Furthermore, if the donor tooth is a highly impacted maxillary single rooted tooth, the consistency rate between the predicted results and the actual results is relatively high regardless of the model prediction. On the contrary, if the donor tooth is a median or low impacted mandibular tooth with two or more roots, the consistency rate is relatively low. The corresponding reasons are as follows: (1) The maxillary bone is more osteoporotic. The impaction state of maxillary impacted teeth is simpler than that of mandibular impacted teeth. Most of them have fully erupted teeth, so it is easy to predict. (2) The single rooted teeth are usually conical, due to numerous roots of multiple rooted teeth and big bifurcation in most of them, it is not uncommon to see malformed micro-roots that are difficult to be recognized by CT, so the former is easy to predict. (3) The elimination of resistance of mucous membranes mainly focused on high impacted donor extraction, which is an easy process of toto extraction; whereas, the elimination of resistance of bone and adjacent teeth is a difficult surgical process in low impacted donor tooth extraction, leading to the incomplete tooth extraction. Both of them are easy to predict preoperative with high consistency rate. However, the situation of middle impacted donor teeth is complex, and the consistency rate between prediction and actual results is the lowest.

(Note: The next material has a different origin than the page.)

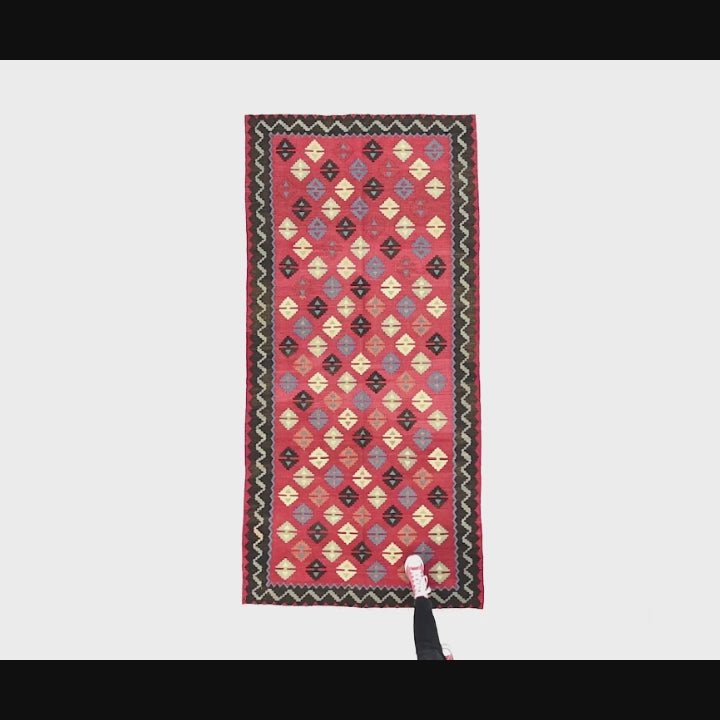 Transform your home with this Authentic Gocmen Kilim, a stunning handmade wool piece measuring 125 x 260 cm (4' 2" x 8' 7"). Featuring intricate geometric patterns and vibrant red and multicolor motifs, this kilim is a celebration of Balkan heritage and craftsmanship.

Table 2 shows that with the help of the 3D model, we can intuitively observe the shapes and integrities of the various surfaces of the tooth crown, the number, shape, length and developmental status of the tooth root, the angle of the root bifurcation as well as the excessively curved and slender root tip in the donor tooth. We can also find adjacent caries, weak part of hard tissue, and malformed micro-roots that are missed or incompletely demonstrated on CT, so as to supplement the insufficient imaging examination. At the same time, it also reminds both general practitioners and oral surgeons that once it is expected that the donor teeth cannot be extracted in toto, the surgical plan should be designed after root fracture, and prepare retrograde root canal filling instruments before operation, and avoid improper force and blind operation during the operation. For the actual failure to extract the donor tooth in toto, it is necessary to summarize the reasons in time and make later improvement.

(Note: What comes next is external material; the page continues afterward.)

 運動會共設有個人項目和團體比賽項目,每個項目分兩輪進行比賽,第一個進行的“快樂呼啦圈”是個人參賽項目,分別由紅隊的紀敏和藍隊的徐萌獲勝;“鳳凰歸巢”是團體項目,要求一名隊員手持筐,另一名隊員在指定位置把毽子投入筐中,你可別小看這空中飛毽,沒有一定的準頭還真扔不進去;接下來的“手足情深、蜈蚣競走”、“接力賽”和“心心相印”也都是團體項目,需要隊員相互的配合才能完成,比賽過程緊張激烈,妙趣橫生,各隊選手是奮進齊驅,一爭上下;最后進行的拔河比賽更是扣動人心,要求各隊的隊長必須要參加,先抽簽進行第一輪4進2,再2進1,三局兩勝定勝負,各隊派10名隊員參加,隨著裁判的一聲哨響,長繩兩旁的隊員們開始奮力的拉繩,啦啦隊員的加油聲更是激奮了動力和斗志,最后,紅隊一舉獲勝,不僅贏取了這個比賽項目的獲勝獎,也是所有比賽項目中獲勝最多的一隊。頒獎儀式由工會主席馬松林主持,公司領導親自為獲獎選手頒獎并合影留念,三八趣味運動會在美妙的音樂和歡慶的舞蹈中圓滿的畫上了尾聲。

Further comparative study resulted that the prediction coincidence rate of donor tooth extraction in the model group is statistically significant higher than that in no model group. This is a new function of the 3D model of donor teeth that we discover and summarize in ATT operation. This also suggests that we can continue to look for the role of the model in postoperative fixation and root canal therapy, and further explore the role of the model in preparing alveolar fossa during operation.

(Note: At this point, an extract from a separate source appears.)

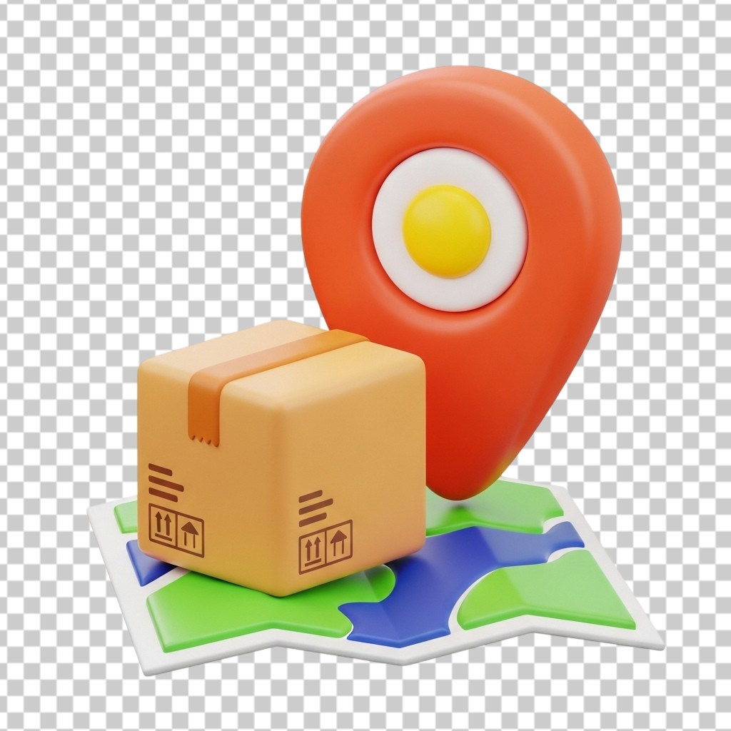 3D Delivery Location Map with Package and Pin PNG Transparent Background

In the present study, the strengths of using 3D model provide dentists with further evidence for tooth extraction prediction and help general practitioners to improve pre-operative preparation of tooth extraction, so as to facilitate the subsequent transplantation surgery. However, there are also some limitations, such as the need for professionals to make the 3D model, the necessity for additional time to make model, and the increase in patient medical expenses.

Conclusion

The clinical application of 3D printing technology has been widely promoted. However, the application of 3D model before extraction of donor tooth in ATT has not been paid attention to. It should be further recognized that the accurate 3D model can help dentists to carry out preoperative prediction on extraction of donor tooth.